Where to sell it: Etsy, Gumroad, or your website.
Realistic income: $9–$22 per download. Monthly sales of 25–50 copies = $225–$1,100.
Getting Started With Digital Products
- Start with your babysitter onboarding checklist. You already use something like this—just formalize it, make it look polished, and sell it. This takes 3–5 hours and requires minimal technical skill.
- Create your activity ideas bundle next. List activities from your real experience and organize by age. This requires 6–8 hours but draws directly on what you already know.
- Once you have 2–3 products selling, create a course. Courses take more time upfront (15–20 hours) but generate higher revenue per sale.
- Choose one platform to start: Etsy for reach, Gumroad for simplicity, or your own website for control and higher margins.
- Price your first product conservatively ($7–$12), launch it, and gather feedback. Raise prices after 20–30 sales if demand is strong.
- Cross-promote your products to your existing clients. Parents who hire you trust your judgment and become your best customers.

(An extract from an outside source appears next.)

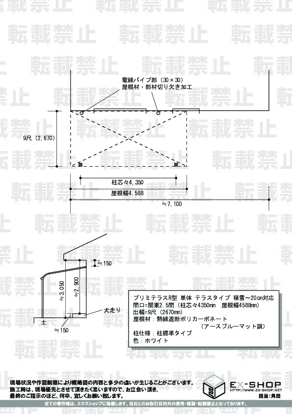 サイズ | 柱芯々 4,350mm 屋根幅 4,588mm 出幅 2,670mm |

Pricing Your Digital Products
Price digital products in the $5–$25 range for this market. Babysitters are a price-conscious audience, and they’re buying to solve a specific problem, not for premium branding. Templates and checklists sell at $5–$15. Guides and bundles work at $10–$20. Courses can be $17–$47. Test at the lower end of the range and raise prices as you get reviews and social proof.
Remember: your goal is volume over time, not a single high-ticket sale. A product that sells 40 copies per month at $12 generates sustainable passive income ($480 monthly). This complements your service income without the ceiling that hourly babysitting creates.